My mom is from the Philippines, my dad is from Kenya, and I’m first generation American.

aBa Mbirika | Eau Claire, WI
“My dad was a radically smart guy who grew up in a village without electricity. As a kid he got noticed for his smarts and was given a scholarship to study in London, and then eventually in New York. His academic work earned him titles and prestige; he was even knighted by Pope John Paul for the Knights of Malta.
His primary focus in life was to solve the problems of Africa. But that passion work often wasn’t paid, and he didn’t think much about holding down a regular job.
We ended up getting evicted many times when I was young. I remember the fifth or sixth time we were evicted.

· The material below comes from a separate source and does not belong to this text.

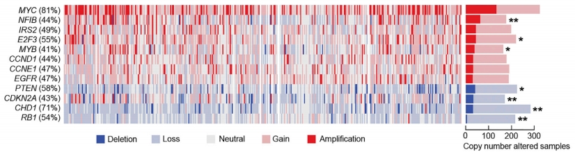 复旦大学附属肿瘤医院乳腺肿瘤多学科诊疗团队利用高通量测序技术,在国际上首次绘制出最大规模的TNBC基因组图谱。通过分析全外显子组测序(WES)和拷贝数改变(CNA)数据,发现最常见的基因突变是TP53(74%),其次是PIK3CA(18%);最常见拷贝数扩增的基因是MYC(81%),其次是E2F3(55%);最常见拷贝数缺失的基因是CHD1(71%),其次是PTEN(58%)[7](图2、图3)。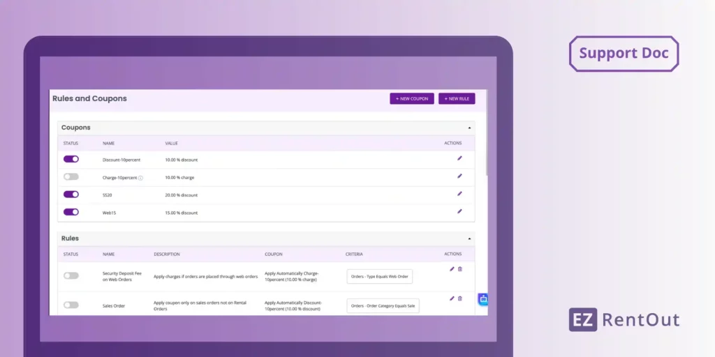 EZRentOut allows you to create and apply discount rules and coupons within the system. Reducing the need for manual updates, you can pre-define and automate discount rules for easier and faster operations. Whether you want to reward loyal customers or offer seasonal promotions, utilize the highly flexible options within EZRentOut to create discounts that best suit your business needs.

I got home and there was a chain with a lock across the door. I realize why they did it, but that time was particularly hurtful. We couldn't get in to recover anything.
I grew up on the Upper West Side of New York City, and most of the kids in my neighborhood had parents with different accents. I remember in the summer I would go to work with my mom—she worked in a building near Times Square—and I would hang out at the Radio Shack. There was a free little camp there, like an urban version of summer camp. We did soldering and played with transistors, resistors, and the circuit boards, computer parts. It introduced me to engineering, and I started to take apart things at home. I could always put them back together.
As a teenager, I got accepted to an amazing Jesuit high school. It’s free if you get in, which is great for poor kids like myself, and the goal is to pipeline you to Ivy League schools colleges afterwards. I graduated and got lots of scholarship opportunities, but they weren’t full rides. I went off to college anyway. My parents wanted to send me; it seemed like the right thing to do. But I ended up having to leave the University of Rochester where I was enrolled, because we couldn’t afford the tuition. I just didn’t know then that when my parents couldn’t pay, that the debt would fall on me. I was making decisions about college as an uninformed 18 year old. My student loan from a school I never finished followed me around for quite a while.”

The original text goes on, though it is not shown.